Homma also fought for Asian-Canadian suffrage. Because he was denied the right to vote because of his ethnicity, Homma took the province of British Columbia to court. Homma was successful at the County Court and the Supreme Court of British Columbia, which held that he was entitled to vote.

The government of British Columbia then appealed the case to the imperial Judicial Committee of the Privy Council in Britain, which at that time was the highest court in the Canadian legal system. The federal government intervened in support of Homma, arguing that as a naturalised Canadian, federal law ensured he could vote in all elections, the same as native-born Canadians.

In 1902, the Judicial Committee ruled against Homma, in its decision in Cunningham v Homma. The Judicial Committee determined that while the federal government was responsible for the naturalisation of citizens, the provinces had the right to legislate who could vote in provincial and municipal elections. Asian Canadians would not garner the right to vote until 1949, four years after Homma died.
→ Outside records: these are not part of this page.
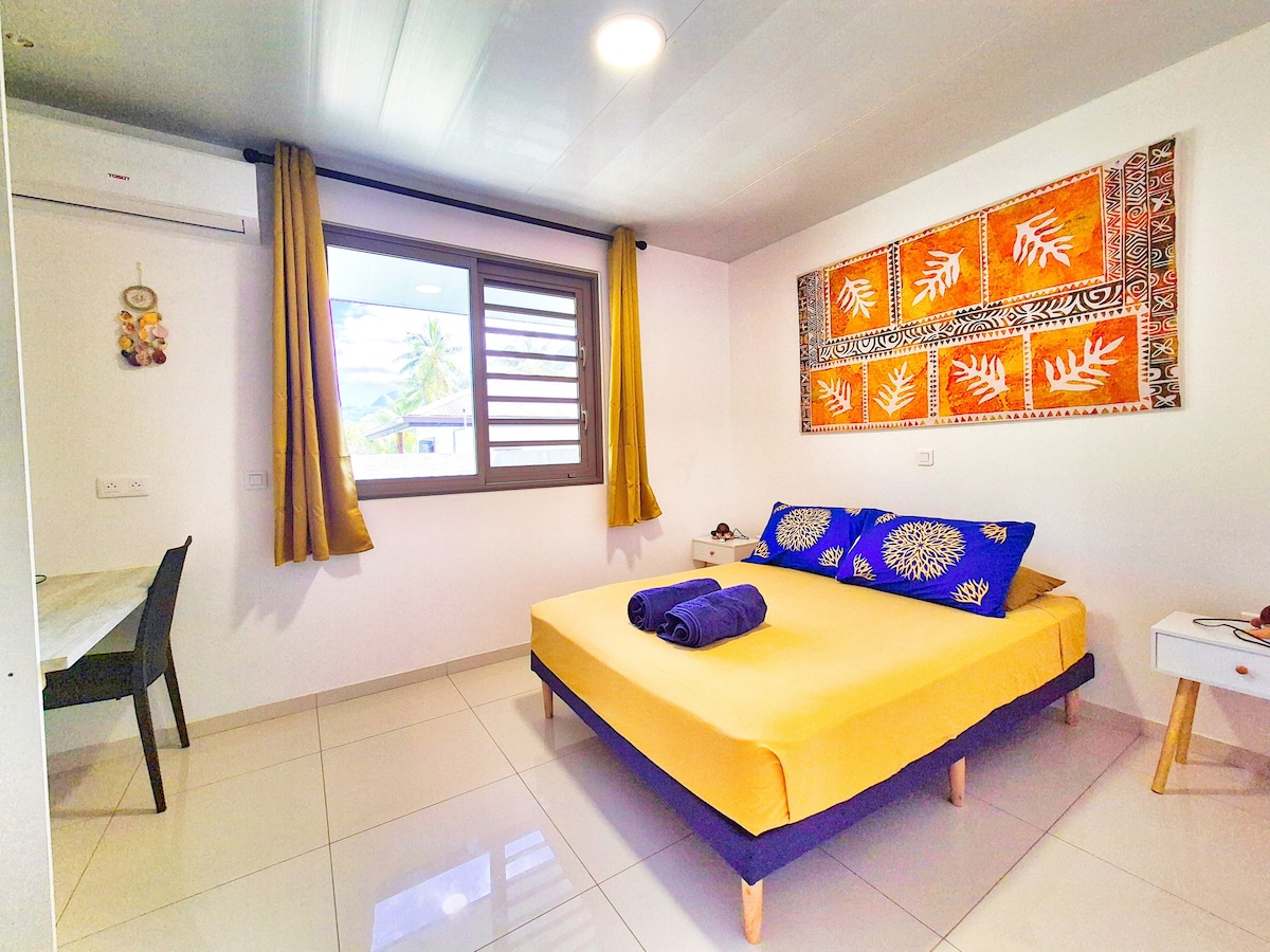 6 estudios equipados con 1 cama doble, colchón ortopédico, aire acondicionado, aire acondicionado, tv, WiFi, Zona de cocina, cocina americana, nevera, microondas, vajilla, Baño equipado, ducha estacionamiento gratis Tienda de alimentos a 50 m Barrio de Moorea más popular ya que está cerca del muelle de las lanzaderas rápidas entre Tahití y Moorea (10 minutos) y el aeropuerto (5 minutos), golf internacional y varios centros comerciales. 1 pizzería en la planta baja del edificio. Recepción entre las 13:00 y las 15:00 h.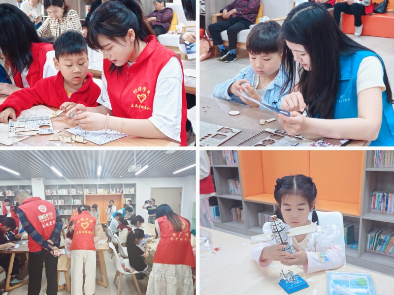 志愿者们结合专业所学,用通俗易懂的语言讲解了通信卫星工作原理,引导青少年们在动手组装北斗卫星模型过程中感知科技力量。“当看到孩子们举着卫星模型说长大后要当科学家时,我深刻体会到党建联建活动的价值。”通信2321班许超奇表示,两个支部发挥播音主持与电子信息技术的专业优势,将科学家精神具象化为可触可感的实践课堂,既提升了自身实践能力,也让科技报国的信念在青少年心中生根发芽。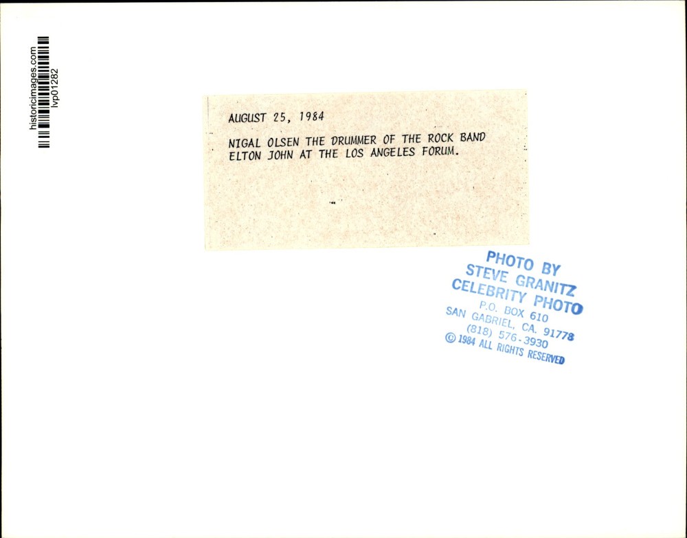 ebay template Note: Please study the images carefully to determine the condition of this vintage photograph, as it may not be in perfect condition. It may contain wrinkles, cracks, and possibly even tears due to its age and how it was handled before it got to us. A scanner may interpret colors and contrast differently than human eyes will, so it is possible that the actual photograph may be slightly darker or lighter in person. This vintage photograph is offered for sale as a collectible item and conveys no transfer of copyright. 1984 Press Photo Nigel Olsson, Drummer for Elton John, at Los Angeles Forum Nigel Olsson the drummer of the rock band Elton John at the Los Angeles Forum. Photo measures 9 x 7 inches. Photo Is dated 1984. PHOTO FRONT PHOTO BACK Historic Images Part Number: lvp01282 Sell Smarter with Kyozou. Inventory and Ecommerce Management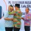 Bupati Dompu H. Kader Jaelani didampingi Wakil Bupati H. Syahrul Parsan menyematkan kopiah sebagai cinderamata kepada Pj Gubernur NTB H. Lalu Gita Ariadi di Pendopo Bupati, Minggu (22/10/23). (ist/lakeynews) DOMPU...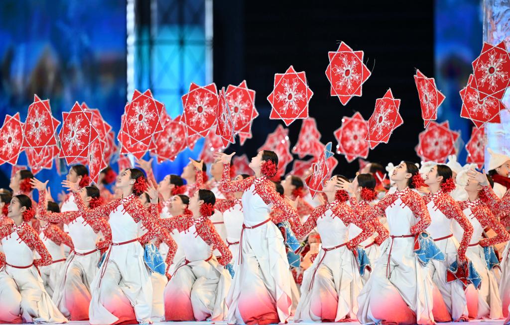 一面冰雪,一面新春。身着中式旗袍的舞者登場,她們手持的雙色「冰凌手絹花」盡顯巧思。在張燈結綵的龍江雪鄉,從「冰晶藍」到「中國紅」,從「冰世界」到「雪天下」,雙色「冰凌手絹花」上下翻騰。舞者時而排列為一朵「六齣雪花」,時而匯聚成一張「新春窗花」。東道主用民間極具代表性的「手絹花舞」和濃濃的中國年味,喜迎各代表團運動員入場。
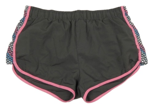 Tmavosivé šušťákové kraťasy so srdiečkami a růžovým lemem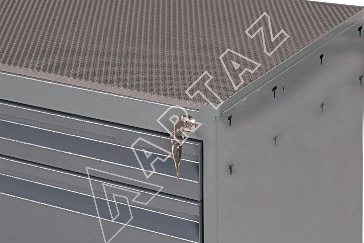 Плоский лоток-столешница с верхним ковриком из EVO материала служит удобной площадкой для подготовки и размещения мелких деталей, исключая их скольжение и повреждения. Специальная сварная конструкция с толщиной металла 1,5 мм гарантирует устойчивость и надежность даже при интенсивной нагрузке.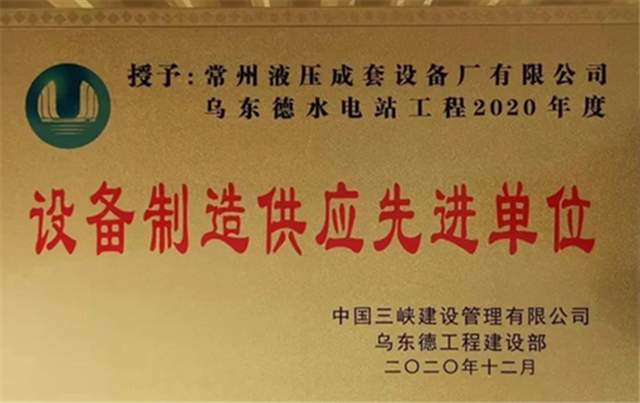 近日,中國三峽建設管理有限公司烏東德工程建設部召開2020年度設備製造供應先進單位表彰大會。常州液壓成套設備廠有限公司以優質的產品和優異的服務在眾多供應商中脫穎而出,繼2019年獲得“設備製造供應先進單位”稱號之後,再次蟬聯此殊榮。常州液壓作為中國三峽建設管理有限公司烏東德水電站項目液壓啟閉機成套設備供應商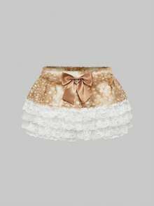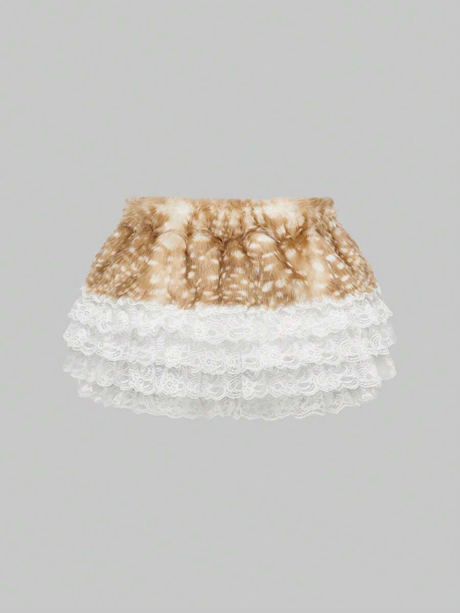 ROMWE Avant Women's Vintage Forest Style Mori Kei Cottagecore Retro Deer Pattern Fluffy Peter Pan Collar Lace Patchwork Ribbon Bow Decor A-Line Skirt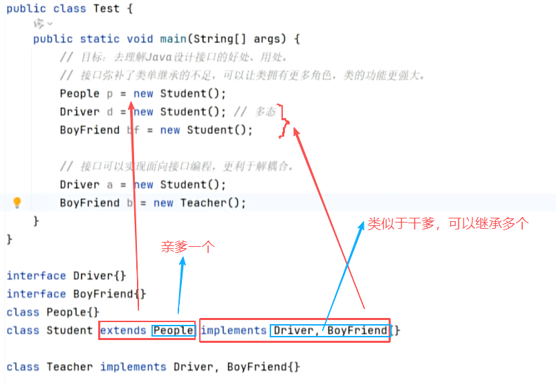 1、接口与接口可以多继承:一个接口可以同时继承多个接口[重点]。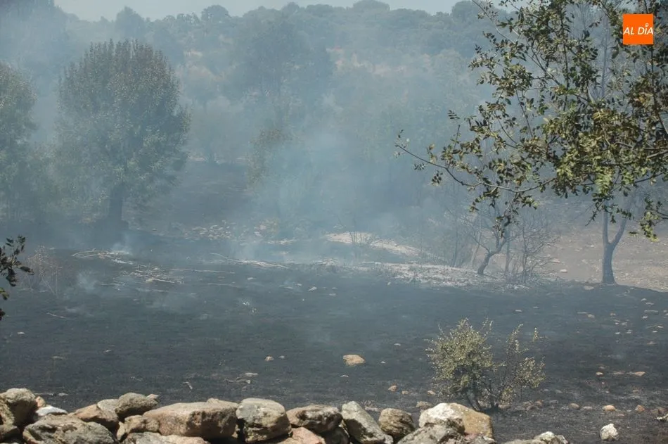 Bomberos de Vitigudino, los helicópteros de Guadramiro y el Bodón y otros medios terrestres trabajan para sofocar un violento incendio en el término municipal de Bogajo, concretamente en la conocida finca El Zancao. El fuego, que se inició a las 13.38 horas, ha arrasado 15 hectáreas, de ellas 14 de pasto, según recoge el parte emitido por la Junta de Castilla y León.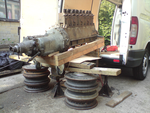 A full morning was spent lifting a huge engine and gearbox and hundreds of smaller parts into the back of the van, once back in Bristol the reverse procedure took even longer!

== Internment and death ==

Homma was one of the many Japanese-Canadians interned during World War II. He died in a detention camp near Slocan, British Columbia.

== Recognition ==

Parks Canada has designated Homma's court case as being of National Historical Significance. In recognition of his contribution to the democratic system, in December 2017 the Government of Canada, through Parks Canada, dedicated a plaque in his honour at the Nikkei National Museum and Cultural Centre in Burnaby.

Tomekichi Homma Elementary School in Richmond is named in his honour.